Он повернулся к подбежавшему офицеру конвоя, хотя продолжал говорить с Гаджи:
— А музыкант не должен целый день толкать тачку… Музыкант должен… — он хмыкнул — …заниматься музыкой.
И скомандовал:
— Доставлять ко мне ежедневно к шестнадцати.
Пленные продолжали наблюдать за этой сценой.
— Работать! Всем работать! — неслось с вышек.
Полковник пошел прочь, а Гаджи, так и не бросив цигарки, покатил дальше свою тачку.
— Вот еще одно доказательство, — сказал волжанину Ненароков.
Гаджи закончил мыть на кухне пол и приступил к чистке чайника и кофейника — нехитрой кухонной утвари. Полковник музицировал в кабинете.
Иногда сквозь открытые двери он наблюдал за Гаджи.
От буханки белого хлеба, лежащей на столе, было отрезано несколько здоровых ломтей, и Гаджи твердо решил украсть два или три из них и отнести в барак — люди были зверски голодны, а белого хлеба… Они и не помнили, наверное, когда в последний раз видели белый хлеб.
Попасться на краже означало быть расстрелянным. Гаджи знал об этом, но твердо решил, что хлеб все равно украдет. Он поставил чайник на полку и в то же мгновение, схватив три ломтя, сунул их за пазуху.
Полковник встал из-за инструмента.
— Иди сюда!
Гаджи вошел.
Я хочу оценить… — полковник задумался, — твою честность… Другой бы мог что-нибудь украсть, скажем… хлеб.
Сердце Гаджи колотилось так, будто там, под грудной клеткой, работала бригада молотобойцев.
— А ты не такой… — полковник взял остаток буханки и сунул ее Гаджи.
— Если хорошо вымоешь руки, можешь поиграть… Репетируй. Потом ты будешь играть на наших вечерах.
— Не буду, — Гаджи наклонил голову, словно желая боднуть.
— Обязательно будешь, — полковник улыбнулся.
— Не буду, — еще раз повторил Гаджи.
— Олух, олух и неблагодарная свинья!.. Как все ваши… «Гаджибеков!» Да что таких скотов интересует? Пожрать да выпить. Вон отсюда! Вон! В барак! Неблагодарная скотина.
Полковник ходил по гостиной взад-вперед.
«Мерзавец! Но нужный.

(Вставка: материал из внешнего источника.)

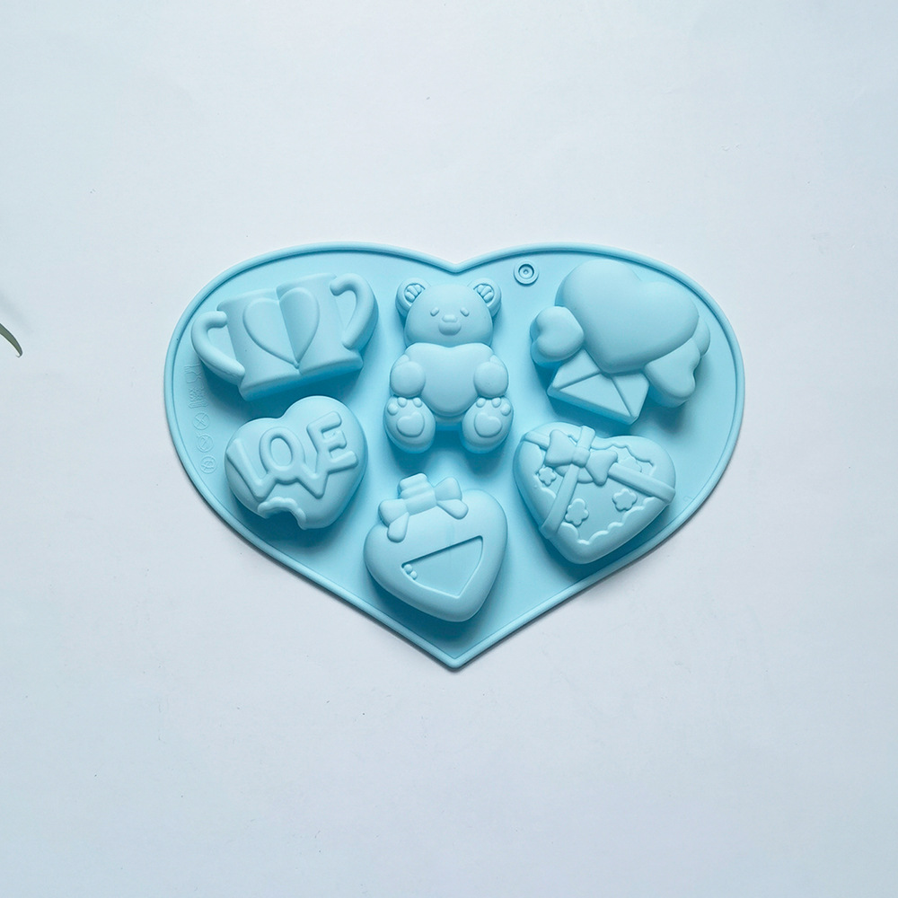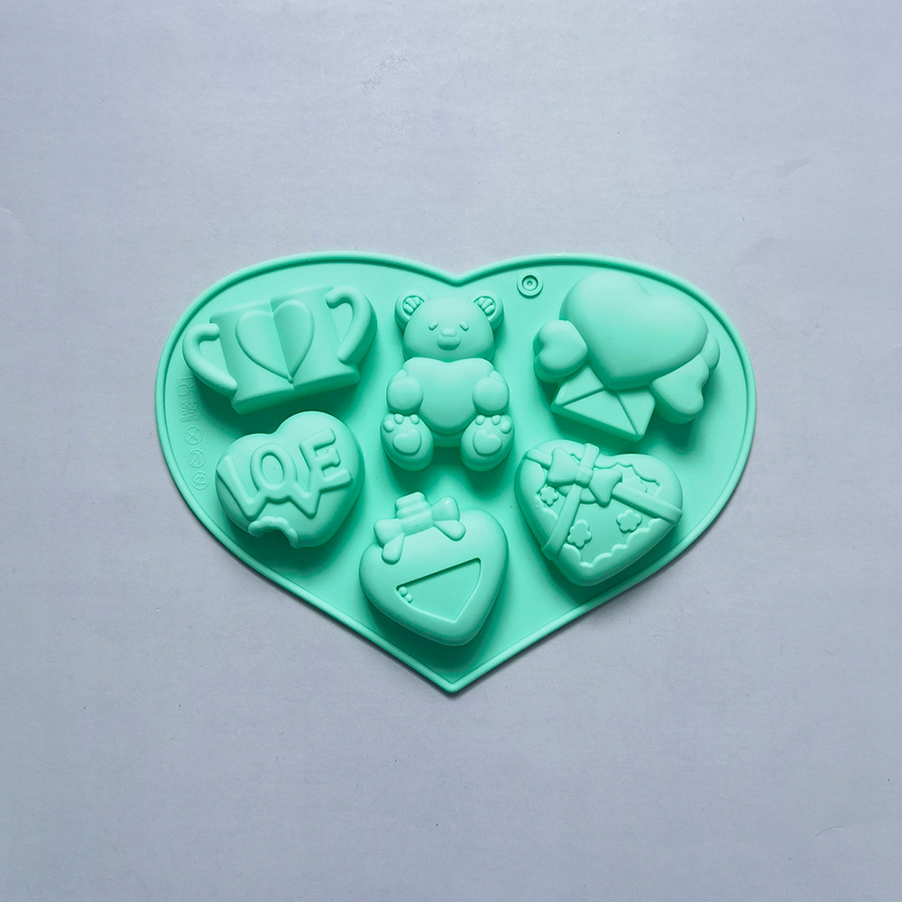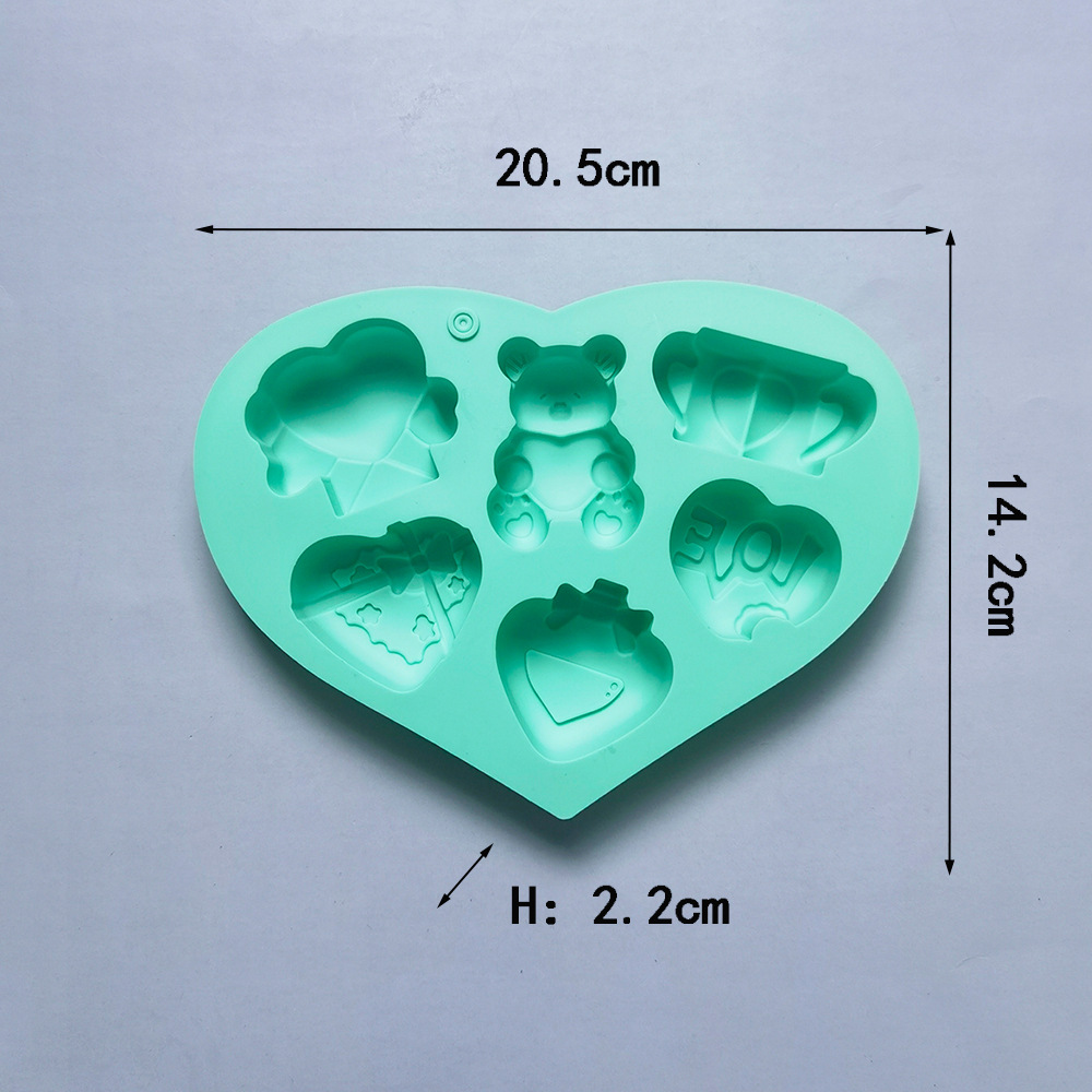 6连爱心熊530蛋糕硅胶模具慕斯糕点果冻蛋挞烘焙模具马绿

Я бы этой скотине… Ганс, — он продолжал разговор с собой, — ты нервничаешь… Если бы адмирал узнал о твоих нервах…»
Он взял плетку и стал играть ею. Это, видимо, изменило ход его мыслей. Он раздумчиво посмотрел на плетку. «…И пряник».
В бараке едва тлела коптилка. Гаджи отворил дверь, и сидевшие за столом обернулись. Будто по команде замолчали на полуслове. Гаджи подошел к столу и, достав из-за пазухи хлеб, положил его перед ними.
Они смотрели на пухлые, наверное, очень свежие ломти. Хлеб завораживал. Расширились зрачки голодных глаз. Но только одна рука потянулась за ломтем. И тут же отдернулась.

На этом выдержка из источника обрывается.